*** Opening EXCERPTED DATA ***

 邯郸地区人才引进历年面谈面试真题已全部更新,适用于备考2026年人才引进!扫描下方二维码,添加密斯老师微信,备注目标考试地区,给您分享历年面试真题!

*** Closing EXCERPTED DATA ***
*** Opening EXCERPTED DATA ***

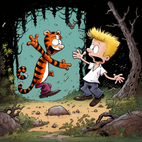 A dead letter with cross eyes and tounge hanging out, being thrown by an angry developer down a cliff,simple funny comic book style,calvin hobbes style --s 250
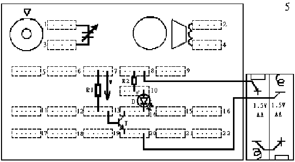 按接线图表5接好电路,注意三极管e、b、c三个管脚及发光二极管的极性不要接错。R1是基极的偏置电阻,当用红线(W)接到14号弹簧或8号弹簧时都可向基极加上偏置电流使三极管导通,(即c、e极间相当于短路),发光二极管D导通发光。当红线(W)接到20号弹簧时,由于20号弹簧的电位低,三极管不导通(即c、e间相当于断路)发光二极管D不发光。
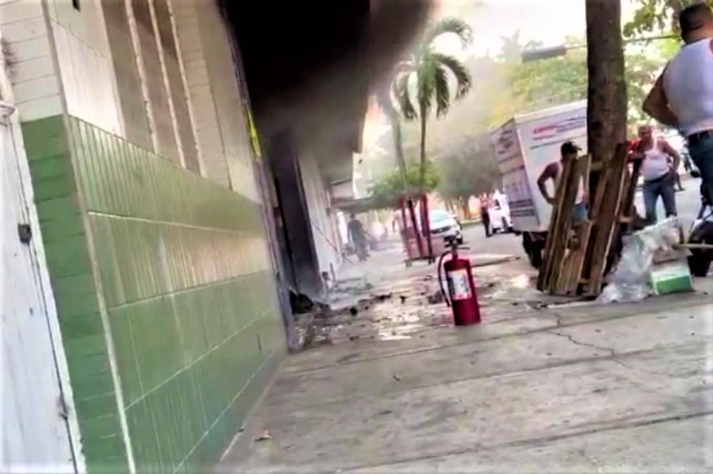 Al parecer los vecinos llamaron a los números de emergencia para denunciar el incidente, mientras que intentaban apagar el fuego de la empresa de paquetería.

*** Closing EXCERPTED DATA ***

== YOUR INSTRUCTIONS ==
Where a picture appears in the records above, omit it, and transcribe exactly the stretch of lines from the one with "按接线图表5接好电路,注意三" through the one with "Al parecer los".

== RESULT FOR THIS TASK ==
 按接线图表5接好电路,注意三极管e、b、c三个管脚及发光二极管的极性不要接错。R1是基极的偏置电阻,当用红线(W)接到14号弹簧或8号弹簧时都可向基极加上偏置电流使三极管导通,(即c、e极间相当于短路),发光二极管D导通发光。当红线(W)接到20号弹簧时,由于20号弹簧的电位低,三极管不导通(即c、e间相当于断路)发光二极管D不发光。
 Al parecer los vecinos llamaron a los números de emergencia para denunciar el incidente, mientras que intentaban apagar el fuego de la empresa de paquetería.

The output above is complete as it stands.